Коннор не был в подвале Сони почти два года. Он попал сюда на второй день после того, как сбежал из дому. За эти два дня много чего случилось: Коннор захватил в заложники мальчика-десятину, транкировал юнокопа из его же собственного пистолета, обзавелся спутницей – воспитанницей детдома, сумевшей сбежать из автобуса, который вез ее в заготовительный лагерь… Какая же у них сложилась банда разномастных дураков! Коннор и теперь иногда чувствует себя дураком, но за это время произошли такие перемены, что ему кажется, будто он и дебошир, которым он когда-то был – два разных человека. Лев, когда-то невинный ребенок с промытыми мозгами, жаждущий собственного расплетения, – теперь старая душа в переставшем расти теле. Риса, которую поначалу заботило только выживание, впоследствии разоблачила «Граждан за прогресс» на национальном телевидении; но до этого ее позвоночник вышел из строя и был заменен на новый против ее желания. Что до Коннора, то он принял на себя командование самым большим в мире тайным убежищем для расплетов, которое, впрочем, оказалось не таким уж и тайным. Его сердце до сих пор кровоточит при воспоминании о разгроме Кладбища. Он дрался зубами и когтями – кое-кто назвал бы это истинной отвагой – но Инспекция в конце концов победила и отправила сотни ребят в заготовительные лагеря.

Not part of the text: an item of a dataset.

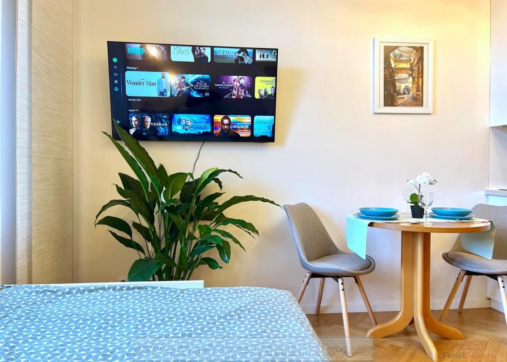 Byt o dispozici 1+kk s obytnou plochou 23 m and sup2; se nachází ve 2. nadzemním podlaží (1. patro) s výtahem.Interiér bytu je prakticky řešený a plně vybavený. K dispozici je kuchyňská linka s indukční varnou deskou, elektrickou troubou a vestavěnou lednicí. Pro práci z domova oceníte pracovní desku spolu s designovou knihovnou, které byly navrženy na míru pro pohodlný home office. Spaní je řešeno chytrou, nastavitelnou postelí, kterou lze snadno upravit na plnohodnotné dvojlůžko. Cena 21000Kč + služby 960Kč, energie se převádí na najemníka, vratná kauce 22000Kč, provize 22000Kč.
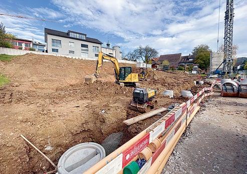 Die Aargauer Gemeinde Küttigen zählt zu den attraktivsten Wohnlagen des Aargaus und wächst stetig. Sie zeichnet sich in einer leichten Mulde vor dem JuraSüdhang mit ihrer weitgehend intakten Landschaft und einer vielfältigen Flora und Fauna aus. An einem Südhang im Ortsteil Rombach hat die JKB Immobilien AG das Projekt «AAAtrium» lanciert – dessen Lage von Anfang an hohe bautechnische und architektonische Ansprüche an die Planungsbeteiligten stellte. Die, von oben betrachtet, dreieckige und daher komplexe Parzellenform liegt eingebettet zwischen Strasse, Wald und Bach in einem steil abfallenden Gelände, was umfangreiche Böschungssicherungen erforderlich machte. Dazu war die baurechtliche Ausnützungsziffer zu beachten und die delikate Zufahrtssituation zu berücksichtigen.

Таких же ребят, как те, что населяют сейчас Сонин подвал.

Хотя Коннор понимает, что это неправильно, у него все равно такое чувство, будто в тот день на Кладбище он подвел и этих беглецов. Он спускается вслед за Рисой, одолеваемый мрачными мыслями и смутным чувством стыда, и это злит его. Случившееся на Кладбище было вне его контроля. К тому же там в дело вмешался еще один фактор – Старки. Старки подставил ему подножку и улетел со своими аистятами, лишив остальных единственного средства спасения. Нет, Коннору стыдиться нечего. Так почему же сейчас, когда из полутьмы подвала проявляются его обитатели, он не может смотреть им в глаза?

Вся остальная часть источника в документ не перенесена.